分析:左眼洞察能力有自动深入倾向,会从宏观形态自主切换到微观结构,再到信息层面。这可能是晶体物质的固有特性——它不区分“看”的层次,它看见一切。
干预升级:训练张伟在左眼使用时主动设定“观察深度”。用颜色编码:绿色(表面)、黄色(浅层结构)、红色(深层信息)。今日练习七次,成功率三次。
心理评估:叶晚晴报告,张伟对自我-他者边界有明确意识,但边界稳定性存在波动。当使用左眼能力时,边界会模糊,出现“我的看”和“工具在看”的认知混淆。
情感进展:今日张小雅探视时,张伟主动询问母亲身体状况。虽然语气平淡,但这是首次主动关心家人。进步。
病房里有东西在动。
不是活物,是墙壁上的纹路。那些细微的裂纹、污渍、油漆的不均匀,它们会在某些时刻组成图案。昨天下午,我看见裂纹组成了陈海的脸,只维持了零点三秒,但我看见了。他好像在说话,口型是“小心”。
告诉林姐。她说她也看见了,不是幻觉,是矛盾场的具象化。我散逸的能量影响了周围环境,让随机的视觉信息短暂组织成有意义的模式。但这意义是真的意义,还是大脑自己强加的?
更奇怪的是尘埃。阳光照进病房时,空气中的灰尘会排列成几何图形。不是随机的,是分形,曼德博集合,科赫雪花,那些无限复杂却自相似的形状。它们悬浮在空中,缓缓旋转,然后散开。

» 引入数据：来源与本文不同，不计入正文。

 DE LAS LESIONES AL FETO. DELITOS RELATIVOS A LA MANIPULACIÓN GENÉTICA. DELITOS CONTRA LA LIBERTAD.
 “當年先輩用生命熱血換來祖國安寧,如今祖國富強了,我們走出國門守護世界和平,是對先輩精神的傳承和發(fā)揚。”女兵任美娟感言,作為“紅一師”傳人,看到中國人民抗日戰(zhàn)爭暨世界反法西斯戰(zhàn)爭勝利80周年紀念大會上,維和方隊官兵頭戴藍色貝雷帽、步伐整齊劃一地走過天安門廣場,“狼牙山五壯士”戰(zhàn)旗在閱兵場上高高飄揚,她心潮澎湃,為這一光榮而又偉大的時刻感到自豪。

秦教授来采集了尘埃样本。他说里面有微弱的能量残留,可以提取出来,解析出信息片段。今天解析出的片段是:“递归,迭代,自我指涉,无限循环。”
这些词让我头痛。不是生理上的痛,是逻辑上的痛。像有把刀在切割我的思维,逼我同时接受一个命题和它的否定。
晚上,林姐带来一个老式收音机。调频,滋滋的电流声,然后是一个深夜情感节目。主持人声音沙哑,在念听众来信,关于失恋,关于失业,关于生活的琐碎烦恼。
我听着,那些人类的痛苦如此具体,如此渺小,如此……真实。
左眼深处,那个次级瞳孔在听。我能感觉到它的漠然。对它来说,这些痛苦只是数据,只是生物神经系统的特定放电模式,可以量化,可以分析,可以预测。
但我还是我。我在难过,为了那些陌生人。
矛盾场具象化现象确认。墙壁裂纹组成的图案,七名独立观察者中有五人报告看见“类似人脸的形状”,但具体是谁的脸描述不一。尘埃排列的几何图形,所有人都看见,可用相机记录。

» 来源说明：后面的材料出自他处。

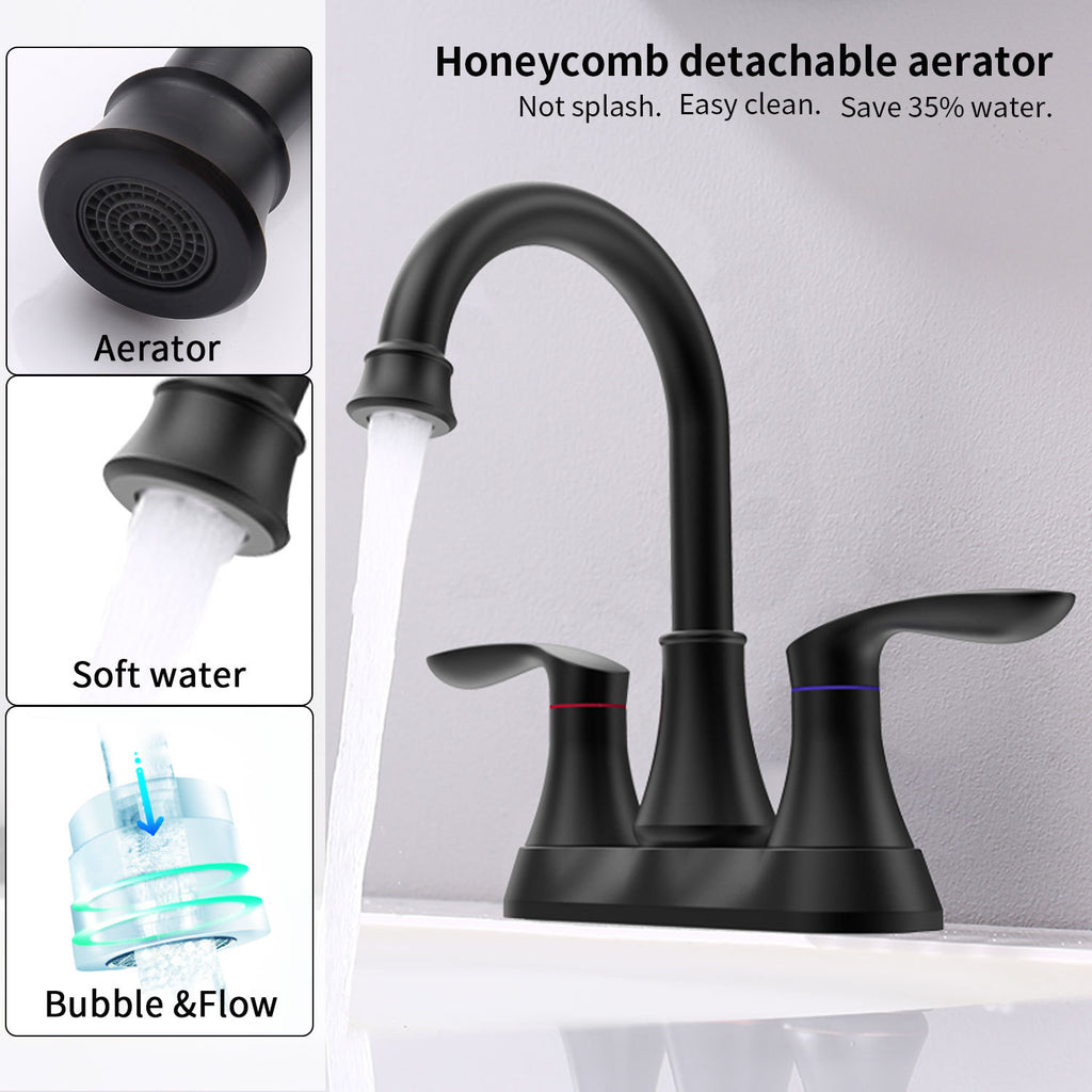 - ?【 WATER EFFICIENT 】- The ABS aerator of 3-hole mount 5 inch centerset bathroom sink faucet imported strengthens the foaming effect of the dense, the water flow is dense and soft without splashing,improve water efficient. Detachable aerator, you can clear hard water blockage at any time. Suitable for rent house, new condo, single-apartment, motor home, travel trailer and family use.

秦教授团队提取到信息残留。结论:张伟散逸的能量携带了他思维活动的“烙印”,这些烙印会影响周围环境的熵减,让随机现象短暂呈现出有序模式,且模式内容与张伟的潜意识相关。
这意味着张伟的思维正在缓慢地“感染”现实。程度极轻微,但确实存在。
医疗报告:dna端粒检测结果异常。胞端粒长度比同龄人平均长37,且端粒缩短速度仅为正常值的六分之一。脑脊液检测发现纳米级晶体结构,暂命名为“逻辑结晶”,结构与左眼碎片晶体类似但更微小。
秦教授的评估:张伟的身体在适应。那些知识和能量不仅改变了他的意识,也在改造他的生理基础。这可能带来更长的寿命、更强的恢复力,但也可能意味着非人化的开始——他的细胞在学着用非生物的逻辑运作。
情感突破:今日张伟听收音机时流泪。正常眼泪,无色透明,成分分析为普通泪液。这是情感回路开始复苏的明确迹象。
今天尝出了粥的味道。
大米被煮开后释放的淀粉甜味,一点点盐,还有铁锅的微量金属气息。味觉恢复了,或者说,我终于能从左眼看见的“食物分子结构信息”中,分离出“味道”这个主观感受。
阳光照在手上,有温暖的重量。不是光子撞击皮肤的能量读数,是温暖,是重量,是“阳光”这个词所包含的全部诗意和记忆。
林姐的手很稳。她今天帮我做触觉训练,闭眼摸十种不同材质。第七种是她的头发,细、软、有弹性,洗发水的淡香,还有她特有的灵能场残留的温暖触感。我说:“这是林姐的头发。”她说:“对。真实吗?”我说:“最真实。”
叶晚晴下午带来家庭相册。翻到一张老照片,我十岁,张小雅三岁,在公园的秋千上。我记得那天,记得阳光的角度,记得妹妹笑的声音,记得冰淇淋融化的速度。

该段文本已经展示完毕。